Holding her, he rolled to his feet and carefully walked into the bedroom. Roxy was boneless and so damned trusting in his arms, his throat tightened. She knew he’d take care of her body while she did her magic. Never had he been a part of something so intimate and special. Picking up his sketch pad and pencils, he sat on the bed, leaned against the headboard, and settled her against his chest. Her magic continued to strum through him, strong and steady. Naturally, he was hard again. His witch funneled enough sex magic to put Viagra out of business. Not that he needed her magic to get aroused by her. Just her voice, her touch, her scent made him hot. He set the book on the bed next to his thigh, and with his right arm wrapped around Roxy, he flipped it open to a blank page and began to capture the images filling his mind. He had no idea how much time passed before he realized her magic was dialing back in his chest. He dropped the pencil, fully aware of what he’d drawn—he could see the witches surrounding his mother, who wore the Tear—but Roxy came first.
Always.
He moved her into the cradle of his arm and she opened her eyes.
“You’re back.” He stroked her face and felt a slight throb. She must have a headache. He slid his fingers into her hair and gently massaged her scalp, drawing off the ache. “You saw Dyfyr.” His voice was husky with pride and the residue of her magic.

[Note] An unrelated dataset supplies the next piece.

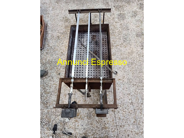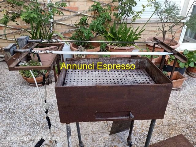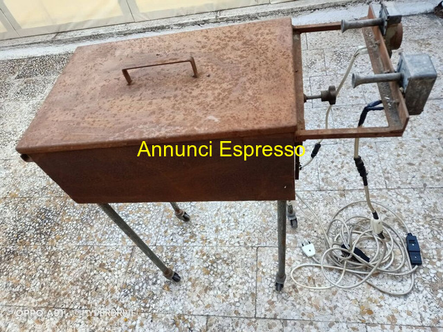 BARBECUE ARTIGIANALE prezzo EUR.90,00 BARBECUE TIPO PESANTE CM. 32X50X H. 21 TOTALE CM. 80 ALTEZZA SPIEDI REGOLABILE 3 SPIEDI ACCIAIO INOX MOTORINI ELETTRICI GIRA ARROSTO CON INTERRUTTORI SINGOLI ALZATE LATERALI PARAVENTO CM. 20 GRIGLIA PORTA CARBONE SMONTABILE PIEDI SMONTABILI CON RUOTE COPERCHIO PER CHIUSURA USATO COME DA FOTO SONO DISPONIBILE PER INF. FOTO POSSIBILE SPEDIZIONE Matera (MT)
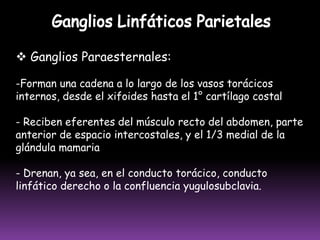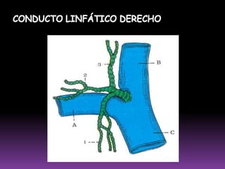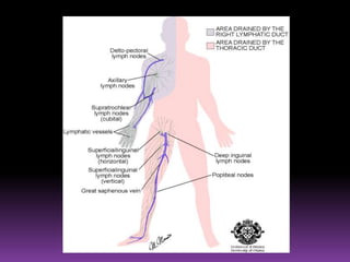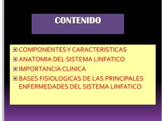 Este documento presenta información sobre el sistema linfático. Describe sus componentes y características, incluyendo la linfa, los vasos linfáticos y los órganos linfáticos. Explica la anatomía del sistema linfático, con detalles sobre la circulación linfática en las extremidades superiores e inferiores. Finalmente, analiza las bases fisiológicas de las principales enfermedades del sistema linfático y su importancia clínica.

Her witch-shimmer was dimming, but it rippled with sudden light. “He’s amazing.”
He smiled at her, then slipped his fingers from her scalp to trail down to the lights in the Tear flashing where it was buried in the curve of her breast. “Did he tell you how to get the Tear out?”
Her witch-shimmer faded away, and she lifted her gaze to his. “He said he can do it. You have to let him do it.” She slid off his thighs and sat facing him, drawing her knees up. Then she saw his sketchbook. “Is this what you were doing while I was in my third eye? What did you draw?” She picked up the book and squinted in the semigloom.